A district presenter said the new law requires plans to "outline who is responsible for responding and must be integrated with local [agencies]." The presenter also described training expectations for students and staff: the law does not require every student and staff member to be trained to use an AED but expects basic awareness — where AEDs are located and how cabinets open.
The board approved a resolution to establish a 30-day public comment period on the revised districtwide safety plan. As read at the meeting, the motion described a public-comment window beginning October 27, 2025 and ending in November 2025; board members approved the resolution by voice vote.
Clarifying details provided at the hearing: the presenter said the district's inventory of AEDs is approximately 11 ("I think the last time I thought this was about 11") and noted that AEDs and cabinets are tested annually.
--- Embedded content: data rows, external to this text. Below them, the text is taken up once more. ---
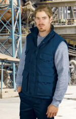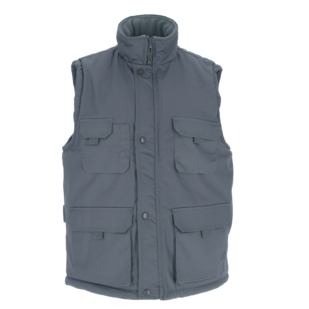 Γιλέκο εργασίας με πολλές τσέπες και επένδυση από φλις. Κατασκευασμένο από εξωτερικό ύφασμα που απωθεί το νερό από καμβά, εσωτερική επένδυση με καπιτονέ ύφασμα και αντιπυρική επένδυση από φλις που παρέχει εξαιρετική θερμομόνωση. Όρθιος γιακάς με φερμουάρ σε όλο το μήκος και κλείσιμο με ασορτί κουμπί μπροστά, για ζεστασιά και άνεση.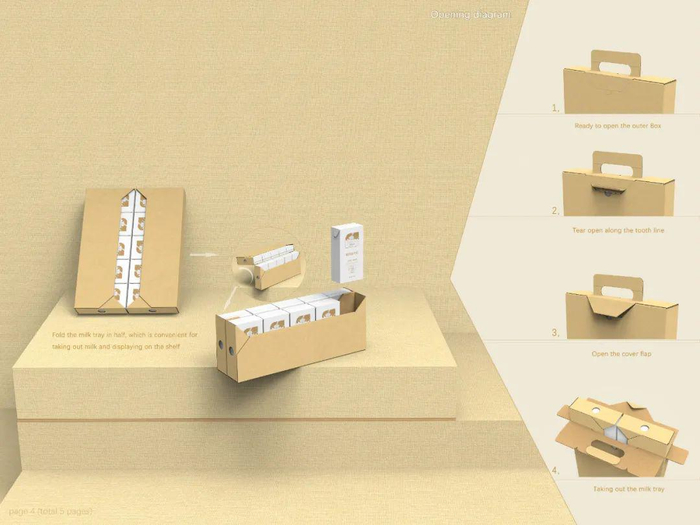 方便用户拿取,创意巧妙的内托设计,取出后对折90度牛奶即可呈现,放至桌面,非常方便拿取。可用作产品展示,开启外盒后,取出装满牛奶的内托对折90度,牛奶成列展现,摆放至货架进行展示宣传。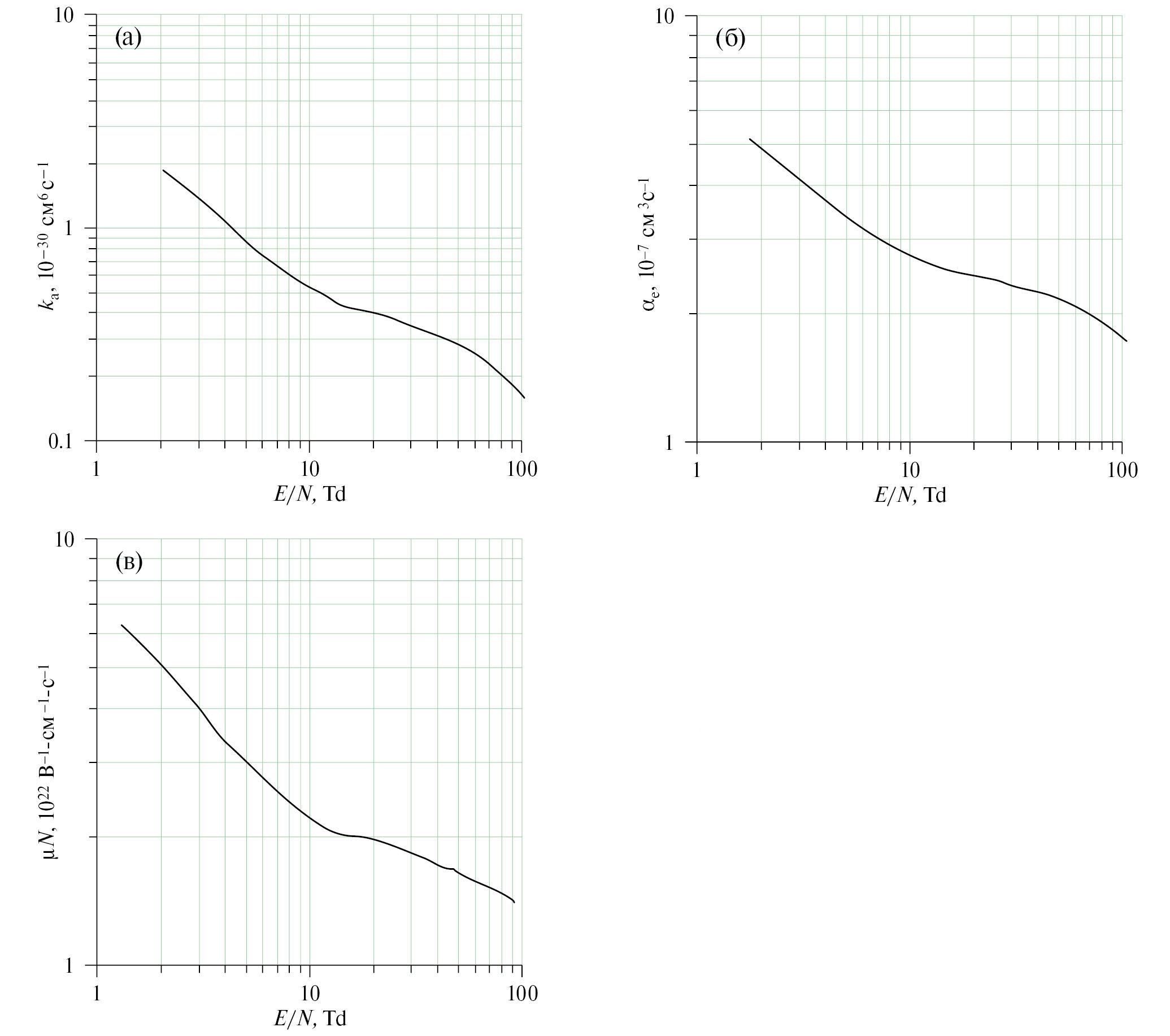Константа прилипания ka, коэффициент рекомбинации αe и величина μN являются функциями параметра E/N. Зависимости ka(E/N) αe(E/N) и μN(E/N), которые мы использовали в наших расчетах, получены на основании данных в работах [6–8] и приведены на рис. 1.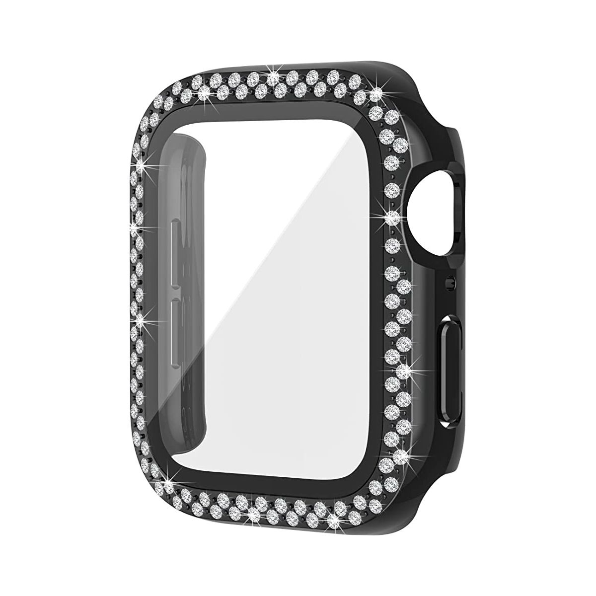 "Sparkling Bling Design: Double row dazzling crystal rhinestone diamonds are embedded in the Apple Watch Case, perfect for upgrading casual outfits or setting off luxurious evening wear.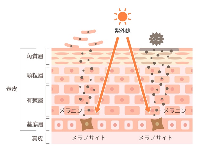 シミ・そばかすは表皮の基底層にあるメラノサイトが関与し、紫外線を浴びるとメラニンを生成します。作られたメラニンは表皮へ受け渡されシミの原因になりますが、ナイアシンアミドはこの受け渡しをブロック。 シミ・そばかすを防ぐ効果が期待できます。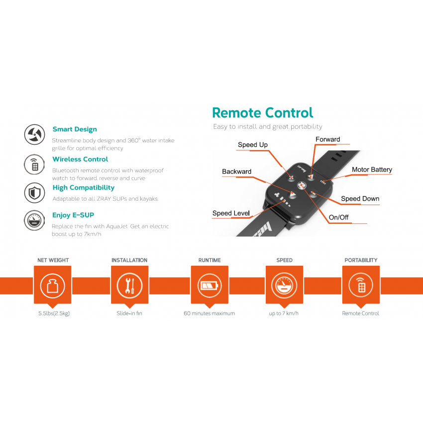 - Disfruta de E-SUP: Reemplace la aleta de su SUP por el Aquajet y alcance hasta los 7 km/h de velocidad con su tabla paddle surf.

The presenter asked the community to submit comments during the public-comment period; the district will return to a future board meeting to adopt the plan after the comment period closes.
Why it matters: the change moves some lifesaving operational details from building-level plans (not publicly posted) into a districtwide document that the public can review and comment on, increasing transparency about where AEDs are kept, who is responsible in an emergency and how training will be provided.
Board action: the board approved the resolution to open a 30-day public comment period and later approved routine items; no final adoption of the revised plan occurred at the meeting. Community members were invited to submit written comments during the posted period and the board said it will consider public input before final adoption.